Cette intervention unique du Ministère supprime les coûts administratifs liés à l’organisation d’interactions et d’initiatives par les responsables au niveau local. Outre le fait que cela démontre la contribution positive de la police, les groupes communautaires espèrent que la mesure apportera une aide complète aux ONG, non seulement en matière de prévention du VIH, mais dans d’autres programmes sociaux tels que la lutte contre la maltraitance des enfants et la violence contre les femmes.

Au-delà de l’application de la loi vers un appui dynamique aux communautés

Récemment, le Ministère des Affaires intérieures a organisé, en partenariat avec l’ONUSIDA, quatre conférences régionales pour les officiers de liaison chargés de la coordination avec les ONG fraîchement nommés et s’occupant du déploiement de la stratégie de programmation de la lutte contre le VIH des personnels en uniforme dans tous les états. Ces événements ont offert une opportunité pour sensibiliser le leadership de la police d’Etat ainsi que des représentants des départements de la santé et des sociétés de lutte contre le sida des Etats indiens pour planifier ensemble des initiatives de prévention du VIH dans les départements de police par le biais des nouvelles stratégies élaborées par le Ministère des Affaires intérieures.

Le rôle de la police qui consiste à apporter un appui dynamique aux organismes travaillant avec les populations les plus exposées au risque a été souligné ainsi que son rôle sensible dans la prévention du VIH chez les clients et les professionnel(le)s du sexe, les consommateurs de drogues injectables et les hommes ayant des rapports sexuels avec des hommes.

Améliorer les relations avec la police

Les organisations communautaires présentes ont insisté sur l’importance de l’appui de la police pour leurs efforts de sensibilisation au niveau local.

Mme Kusum Jain de Gram Bharati Samiti (GBS), ONG présente au Rajasthan, travaille en étroite collaboration avec la communauté tribale Rajnut qui pratique, par tradition, le commerce du sexe.
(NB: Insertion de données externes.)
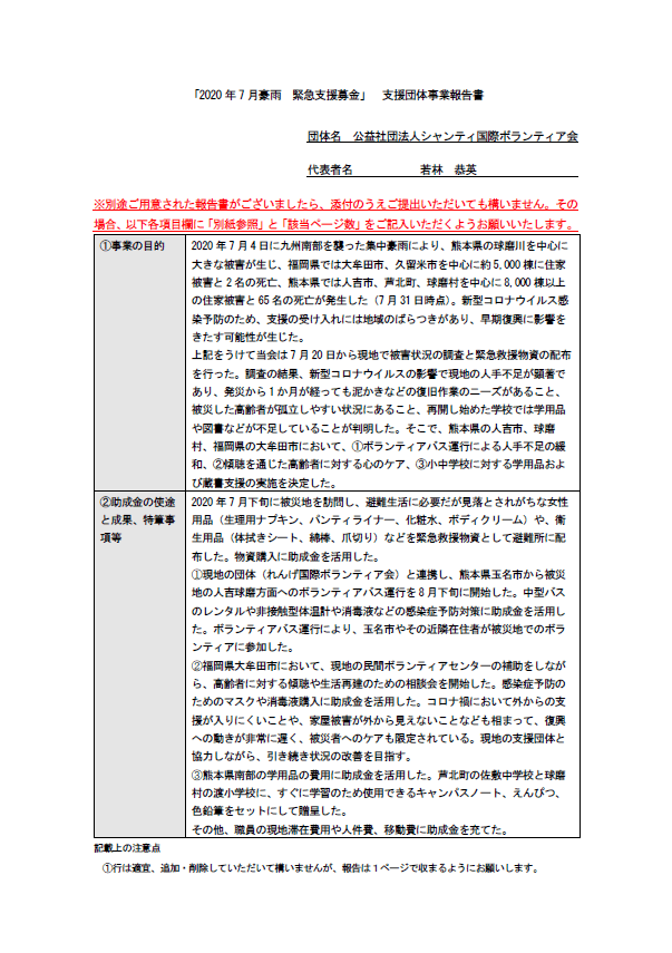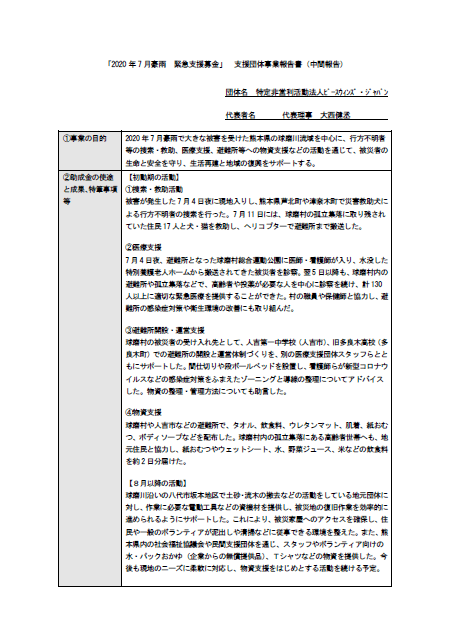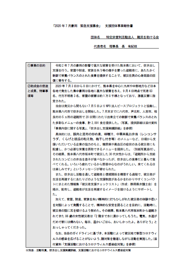 「2020年7月豪雨」災害緊急支援募金 支援団体活動報告

Lorsque son ONG a eu ses premiers contacts avec la communauté, ses travailleurs sociaux ont été poursuivis avec les chiens car les personnes pensaient qu’ils étaient venus pour mettre un terme à leurs activités. Avec le soutien de la police locale, les travailleurs de GBS ont réussi au fil du temps à obtenir la confiance de la communauté qui comprend aujourd’hui que leur seul objectif est de les sensibiliser à la prévention du VIH, de sorte qu’ils peuvent maintenant travailler en étroite collaboration..

Mme Jain considère que formaliser le rôle de la police dans l’appui communautaire a permis d’améliorer les relations avec la police, en aidant celle-ci à être accessible et à fournir un appui dynamique aux organismes travaillant à la prévention du VIH parmi les populations les plus exposées au risque d’infection.

Un rapport récent de la Commission Asie a conclu qu’il y avait un besoin vital d’engagement et de soutien politique pour dynamiser une riposte efficace contre le sida. Par le biais de cette nouvelle initiative avec la police, le gouvernement indien affiche clairement un tel leadership.